News from the Tennessee Valley State, Local and National news
SUNDAY, MARCH 18, 2007

Early daylight-saving time makes adjustment harder

By Paul Huggins · 340-2395

Like most people, Dermietrice Birdsong knows switching to daylight-saving time brings a struggle in the mornings, at least for two or three days.

But this year the 31-year-old mother of four said waking up feels like more of struggle for her and her children, ages 6 to 14. The children are still so tired at night, they go to bed early without being told, she said.

“Now they’re in the bed by 9 o’clock,” Birdsong said. “I don’t have to say anything to anybody. Some are asleep before 8:30.”

If you’re having the same struggles the Birdsongs are having, it could be because daylight-saving time came March 11 — three weeks earlier — this year or perhaps because you’re making it worse by taking advantage of the longer daylight hours.

Light is the key component that synchronizes a person’s circadian rhythms or sleep/awake cycles, said Dennis Butler, nurse practitioner for The University of Alabama at Birmingham Sleep-Wake Disorder Clinic.

Darkness prompts the brain to produce the hormone melatonin, which helps induce sleep. Conversely, daylight suppresses melatonin production, and that’s why people naturally sleep at night and are awake in the day, he said.

Maintaining a regular schedule for going to bed and waking also plays an important role for a healthy circadian rhythm, Butler said, so when both light and schedules go out of synch, the brain and body struggle to adjust.

Adjusting to daylight-saving time is nothing new, but this year people also had to deal with darker mornings than they’ve encountered when springing forward three weeks later in April.

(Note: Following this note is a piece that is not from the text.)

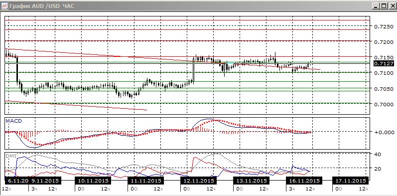 На часовом графике такая же картина — консолидация в границах 0,7100-0,7150. В рамках движения в канале стоит ожидать роста к верхней границе 0,7150. Дальнейшее движение скорее будет в направлении выхода пары из консолидации, выход верх предпочтителен, так как это — направление предыдущего движения, но до закрепления выше 0,7150 на рост выше 0,7150 рассчитывать не стоит.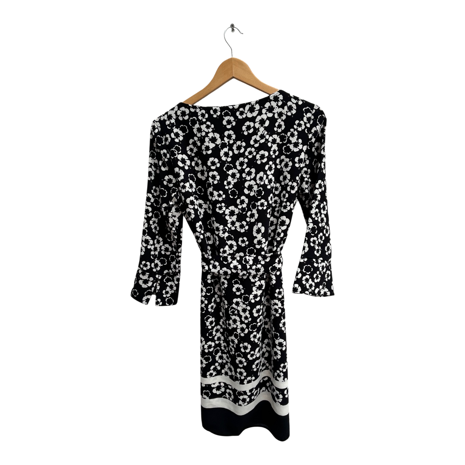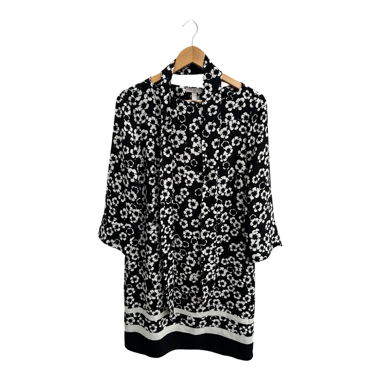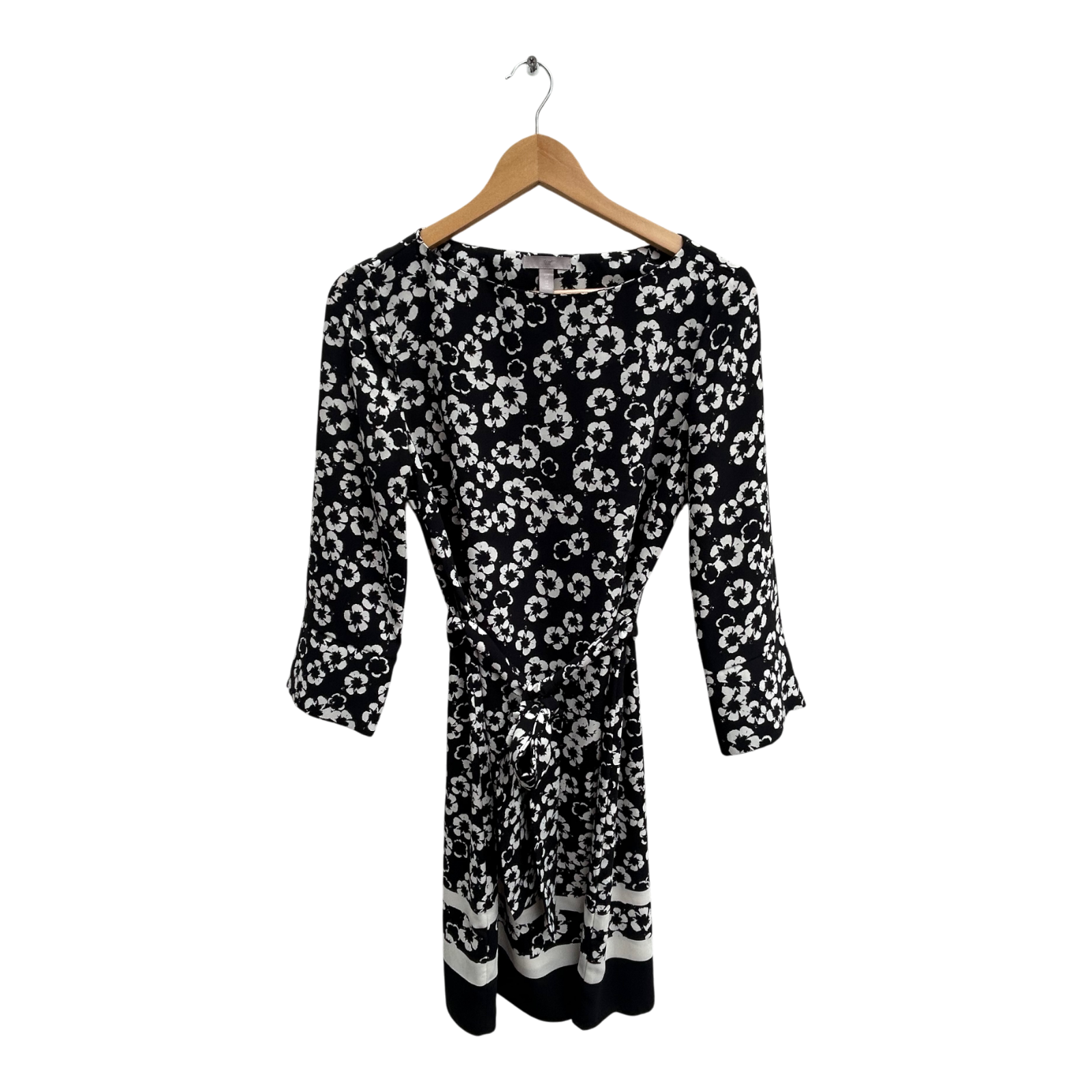 H&M Kleid Damen Gr 38 Schwarz Weiss Blumen Bindegürtel Elegant Klassisch Knielang

In fact, sunrise this week has been later than any time North Alabama has ever encountered. Previously the latest sunrise was during the first two weeks in January when the sun rose at 6:54 a.m. On Sunday, it rose at 7:03.

When Americans used to switch to daylight-saving time in April, they had an additional 40 minutes of morning sunlight to help them wake up.

What this basically means is it’s dark or barely light when people are rising to be at work or school at 7 or 8 in the morning.

The Birdsongs, for example, rise at 6 a.m. when it’s still pitch black, but a week ago the sky had a pre-dawn glow.

“Sunlight absolutely, positively will help you wake up. That’s what it does,” Butler said. “And so now people are not only out of synch with the their circadian rhythm because of the time change; you’ve got that pressure of cutting your darkness short by an hour and then when you wake up in the morning, you don’t have the sunlight that you did before.”

One of the ways people make adjusting harder is by taking advantage of the longer days and getting outside to soak up the sunlight and warmer temperatures of spring, he added.

More sunlight means less melatonin, so it’s harder to fall asleep, and less sleep of course can make it harder to wake up, he said.

To adjust to the first week of daylight-saving time, Butler advises refraining from exposure to the extra outside light, and wearing sunglasses and a cap in the afternoon to help shield the eyes. Indoors, keep drapes closed and reduce the use of artificial lights.

“If somebody is now waking up in the dark, my advice to them would be to turn on every light in the world they can. Even exposing yourself to artificial light helps,” he said.

Birdsong said her family is adjusting to the time change but it hasn’t been as quick as earlier years.

“It’s still kind of hard getting them up in the morning,” she said.“And my youngest one is still going to bed without being told.”

Butler said under optimum circumstances, people can readjust their sleep cycles about 30 minutes per day when catching up to daylight-saving time or jet lag.

“In theory, you can adjust in two to three days,” he said. “Obviously it’s easier to adjust in the fall than the spring. Fall generally just takes a day.”

Daylight-saving time can be costly

You might want to be a little more careful when driving after the country switches to daylight-saving time.

National and local statistics show traffic wrecks rise during that period, likely because drivers are not as alert because of lost sleep.

The National Highway Traffic Safety Administration reported in 1998 that wrecks increased 17 percent the Monday after moving clocks ahead one hour.

Decatur police records from the previous three years also show increases in wrecks the week after daylight-saving time begins compared to the week before the change:

  • 2004 — Wrecks increased to 74 from 64; up 15.6 percent.

  • 2005 — Wrecks increased to 73 from 64; up 14.1 percent.

  • 2006 — Wrecks increased to 70 from 37; up 89.2 percent.